» DATA SECTION
# # #
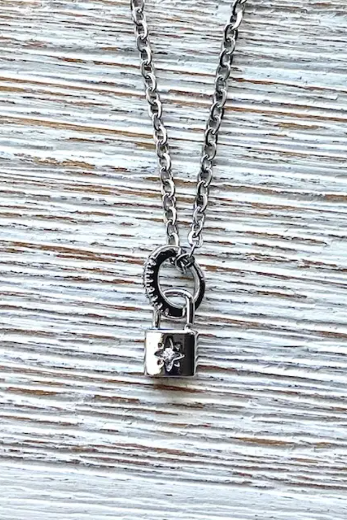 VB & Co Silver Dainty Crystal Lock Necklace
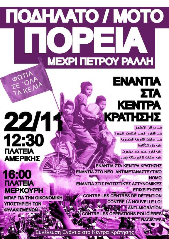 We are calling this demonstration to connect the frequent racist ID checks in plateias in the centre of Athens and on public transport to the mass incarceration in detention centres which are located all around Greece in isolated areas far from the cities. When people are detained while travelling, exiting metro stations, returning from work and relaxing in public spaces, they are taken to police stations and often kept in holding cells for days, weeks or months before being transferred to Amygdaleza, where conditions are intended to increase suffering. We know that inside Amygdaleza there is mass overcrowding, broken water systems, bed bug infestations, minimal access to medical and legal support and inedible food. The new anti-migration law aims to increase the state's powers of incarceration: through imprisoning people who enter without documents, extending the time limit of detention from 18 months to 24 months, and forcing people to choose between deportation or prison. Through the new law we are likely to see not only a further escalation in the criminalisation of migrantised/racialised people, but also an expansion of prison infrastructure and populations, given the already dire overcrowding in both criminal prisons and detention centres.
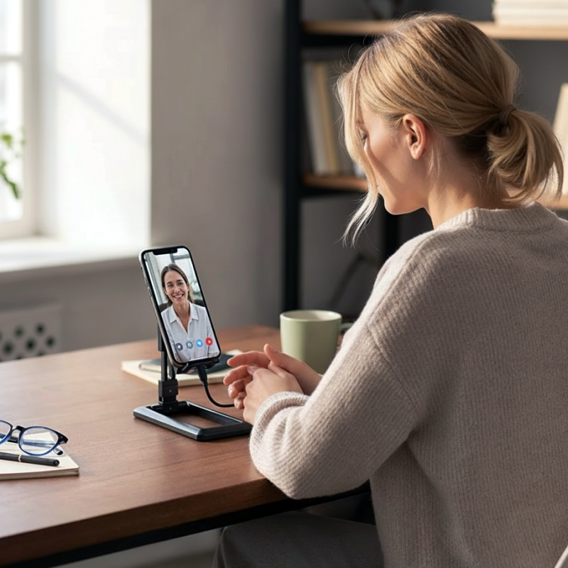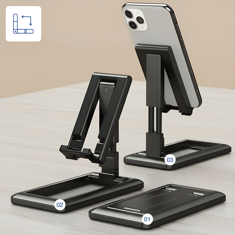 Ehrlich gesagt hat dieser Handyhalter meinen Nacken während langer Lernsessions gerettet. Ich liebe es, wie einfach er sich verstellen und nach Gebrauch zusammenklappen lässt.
# # #
» WHAT THE TASK REQUIRES
Repeat the data verbatim, excluding all pictures.

» TASK SOLUTION
 VB & Co Silver Dainty Crystal Lock Necklace
 We are calling this demonstration to connect the frequent racist ID checks in plateias in the centre of Athens and on public transport to the mass incarceration in detention centres which are located all around Greece in isolated areas far from the cities. When people are detained while travelling, exiting metro stations, returning from work and relaxing in public spaces, they are taken to police stations and often kept in holding cells for days, weeks or months before being transferred to Amygdaleza, where conditions are intended to increase suffering. We know that inside Amygdaleza there is mass overcrowding, broken water systems, bed bug infestations, minimal access to medical and legal support and inedible food. The new anti-migration law aims to increase the state's powers of incarceration: through imprisoning people who enter without documents, extending the time limit of detention from 18 months to 24 months, and forcing people to choose between deportation or prison. Through the new law we are likely to see not only a further escalation in the criminalisation of migrantised/racialised people, but also an expansion of prison infrastructure and populations, given the already dire overcrowding in both criminal prisons and detention centres.
 Ehrlich gesagt hat dieser Handyhalter meinen Nacken während langer Lernsessions gerettet. Ich liebe es, wie einfach er sich verstellen und nach Gebrauch zusammenklappen lässt.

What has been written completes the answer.